Lifestyle

Why Do So Many Millennials Look And Seem So Much Younger Than They Are?

Photographed by Danilo Hess at Ray Brown.

I was at the supermarket, picking up some little pre-mixed martinis to enjoy in the sun, when I sensed the store manager hovering behind me. “Got any ID for that?” he asked, sighing protractedly. I didn’t. “But I’m 30 years old,” I said, motioning towards my face. “See? 30.” He laughed as if I were an over-confident sixth former trying my luck. “Yeah, I don’t think so,” he said, scooping up the cans. “Sorry, no can do.” Right then I felt like kicking over a nearby cereal display, spilling Shreddies everywhere. Think I’m a teenager? Watch me act like one then. But I’m 30, so… my impulse control kicked in.

People love to say “consider it a compliment!” when you get mistaken for someone a lot younger, but I don’t at this point. I graduated from uni nearly 10 years ago. I’ve worked as a journalist and editor for almost as long, been in multiple relationships and navigated intense life experiences. I own a Hetty hoover. I’ve published a book. I remember AOL! When someone says I look younger than I am, what I really hear is: None of that counts. I still don’t take you seriously. Not that people in their twenties don’t get taken seriously, but I’m a different person to who I was at 24, 25, even 26. I want that to show, externally.

I don’t think I actually look physically younger than 30. But—like other millennials—I possibly give off a younger “energy.” My arms are covered in stick ’n’ pokes from my twenties. I look at ease in a cosy hoodie and low-slung jeans. Plus I barely scrape 5’2.” The way I speak and hold myself hasn’t changed much in the past few years. And I’m not alone in this: my friends, who are broadly the same age as me, could easily be five years younger. My fiancé is a full-time musician with bleached blonde hair and a penchant for motocross jackets. As a kid, I didn’t picture 30 looking like this. My high school teachers were 30. We definitely look different to them. We act differently to them, too.

Much has already been said about millennials’ inability to “grow up”. We’re lambasted for not owning homes or having kids soon enough (who can do either of those things unless you have a hefty two-income household and/or an inheritance?). We’re renting house shares like overgrown students for a lot longer (plenty of my single friends can’t afford to live alone). And things like marriage, or toiling away in the same career, appear to have lost their shine for many. Even so, that doesn’t explain why we don’t always look like the 30-somethings of yesteryear—or why I can’t get served a pink martini in my local supermarket.
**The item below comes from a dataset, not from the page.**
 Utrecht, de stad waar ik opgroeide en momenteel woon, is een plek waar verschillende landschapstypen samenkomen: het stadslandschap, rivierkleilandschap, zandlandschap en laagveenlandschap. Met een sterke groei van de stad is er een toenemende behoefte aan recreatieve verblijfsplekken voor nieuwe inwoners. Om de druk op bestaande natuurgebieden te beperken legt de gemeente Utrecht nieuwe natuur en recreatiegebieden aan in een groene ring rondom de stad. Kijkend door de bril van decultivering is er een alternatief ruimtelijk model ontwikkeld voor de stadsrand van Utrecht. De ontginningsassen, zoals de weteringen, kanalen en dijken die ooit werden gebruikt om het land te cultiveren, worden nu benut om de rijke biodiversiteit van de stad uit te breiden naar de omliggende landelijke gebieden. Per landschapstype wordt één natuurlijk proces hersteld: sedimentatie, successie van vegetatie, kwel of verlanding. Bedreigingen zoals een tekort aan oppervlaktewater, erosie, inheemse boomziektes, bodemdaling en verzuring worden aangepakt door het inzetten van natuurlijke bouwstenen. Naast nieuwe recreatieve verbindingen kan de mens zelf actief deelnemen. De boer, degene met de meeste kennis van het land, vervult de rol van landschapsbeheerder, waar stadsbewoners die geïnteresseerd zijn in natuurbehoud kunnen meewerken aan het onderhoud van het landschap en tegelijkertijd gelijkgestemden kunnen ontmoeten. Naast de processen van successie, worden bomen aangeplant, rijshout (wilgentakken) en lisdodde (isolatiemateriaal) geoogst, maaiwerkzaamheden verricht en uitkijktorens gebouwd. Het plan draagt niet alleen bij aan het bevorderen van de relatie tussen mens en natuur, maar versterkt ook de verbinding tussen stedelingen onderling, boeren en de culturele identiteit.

I’m not the only person to be mulling this over. TikTok is overrun with videos about why millennials don’t seem to be aging “normally” (“why don’t millennials age?” currently has around 19.4 million views on TikTok). Some have hypothesized that it’s because “tweakments” like filler and botox are cheaper and more widely available now. Others have joked that it’s because millennials “have depression, so we’re indoors all day, and we don’t let the sunlight age our skin.” Still others have wondered whether it’s due to camera phones, and the fact that we see ourselves more often than ever before, meaning we pay more attention to our looks and outfits. Or maybe we are aging normally, we just don’t think we are, so we don’t act like it.

There are likely countless reasons for this time-body-mind warp. One of my personal theories is that our image of a “real adult” is simply outdated, and fails to take more recent style and culture shifts into account. Your parents and grandparents didn’t post photo dumps, wear athleisure in the workplace or DM their colleagues “lmao” in their thirties. But frames of reference evolve constantly, and that’s what 30-somethings are like now. You don’t just suddenly get a cropped haircut and start saying the word “trendy” as you age. We’re stuck with an image of a 30-something that is no longer relevant. I’m sure Gen X—the Britpop kids, the ravers—didn’t always resemble dads. It must have taken a moment to catch up.
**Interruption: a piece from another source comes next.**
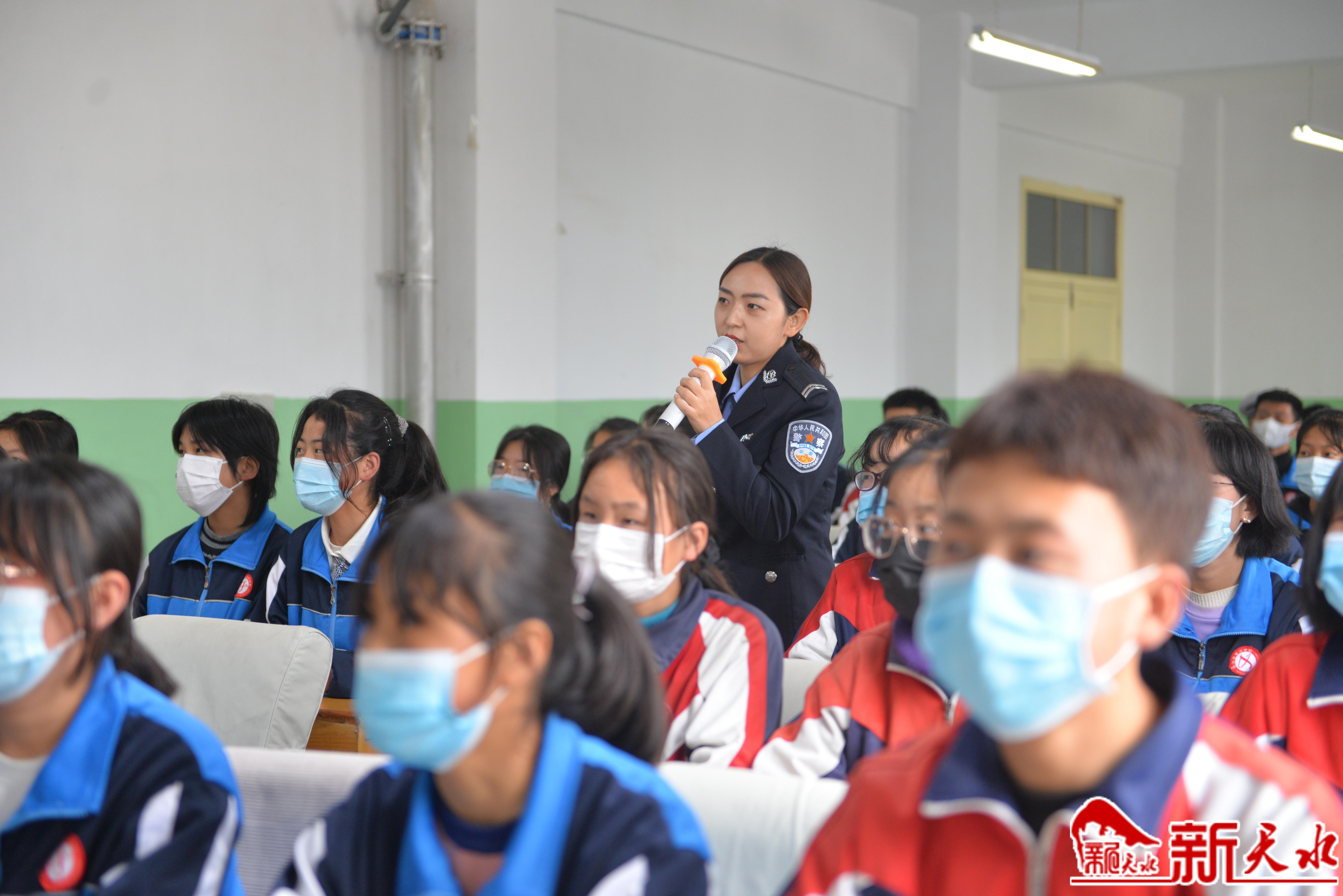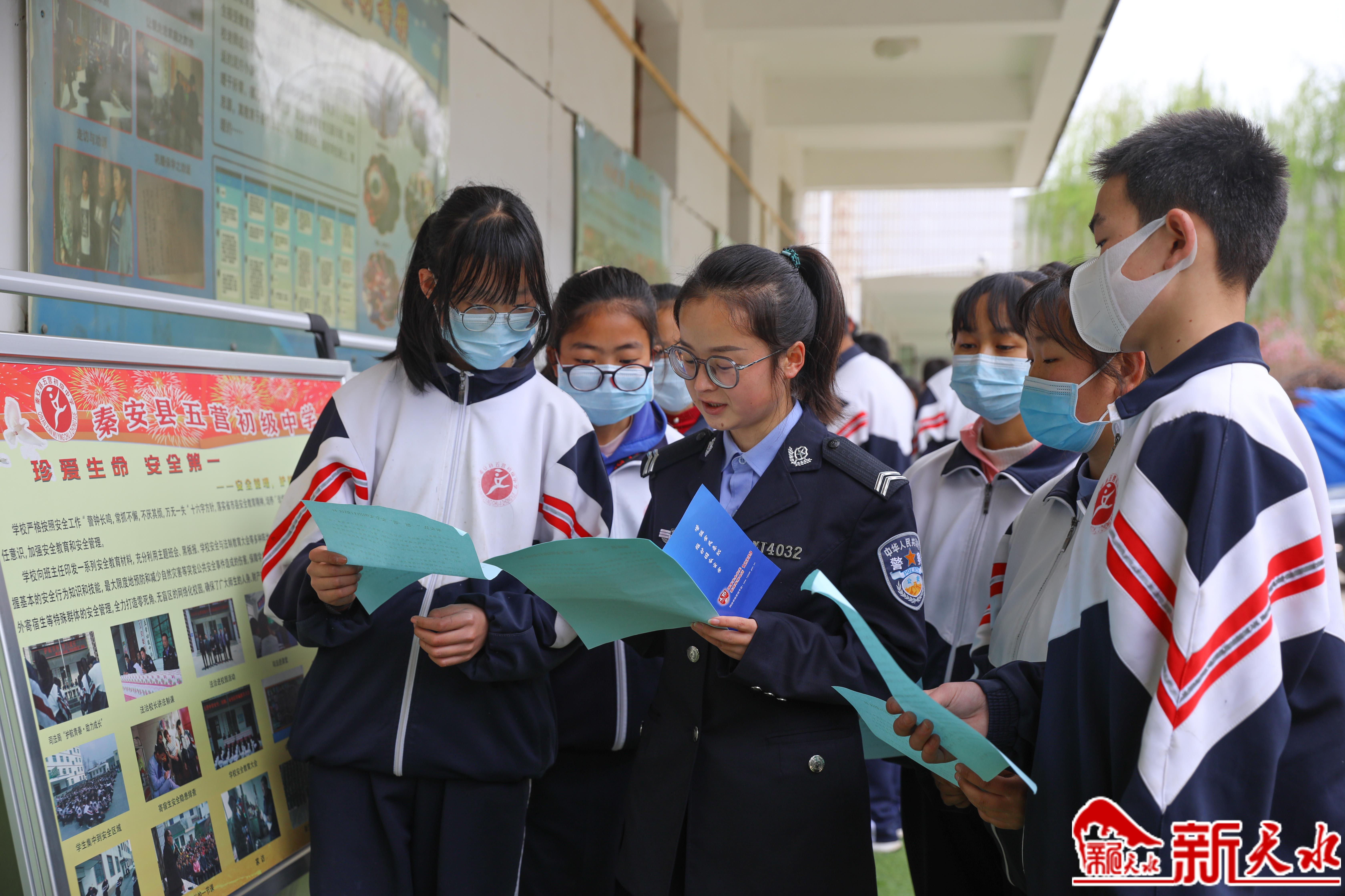 新天水讯【记者余碧波】为深入推进道路交通安全教育宣传工作,强化农村地区学校道路交通安全责任意识,不断提升师生的交通安全意识、文明守法意识,4月14日,秦安县公安局交警大队在 “全民国家安全教育日”来临之际,积极组织民警走进辖区蔡河学校、五营中学、陇城教育园区,按照疫情防控要求有序开展“国家安全教育日”宣传进校园活动。

Before I continue, I must add: I’m well aware that age is mostly meaningless, and that attaching labels to a person based on an arbitrary yearly marker is a disservice to their individualism. I know that most people don’t actually “feel” their age, because they just feel like themselves (same here). And I am so much more interested in a person’s mind than how old they are. But that doesn’t mean I am not intrigued and curious about how I appear to others now that I’m in my thirties. I find myself fearful of becoming a Benjamin Button-like character—like when you Google a child actor and they look the same as an adult, just weird and with facial hair. Are millennials like child actors? Stuck, and frozen in time, forever?

One of the most frightening things about existing is that the world keeps spinning and time keeps hurtling onwards. Stop, you feel like protesting, I’m not ready yet, I’m not ready. But the universe does not hear you, and it doesn’t care anyway. That’s the great tragedy and gift of living. We all move forward. And one day soon, Gen Z will wake up and they will be middle-aged, and Gen Alpha will have children of their own, and their grandparents will not be wearing slacks and cardigans and taping pound coins to Christmas cards. They’ll be wearing Juicy Couture and Post Malone Crocs and sending skull emoji reacts to their grandkids’ messages.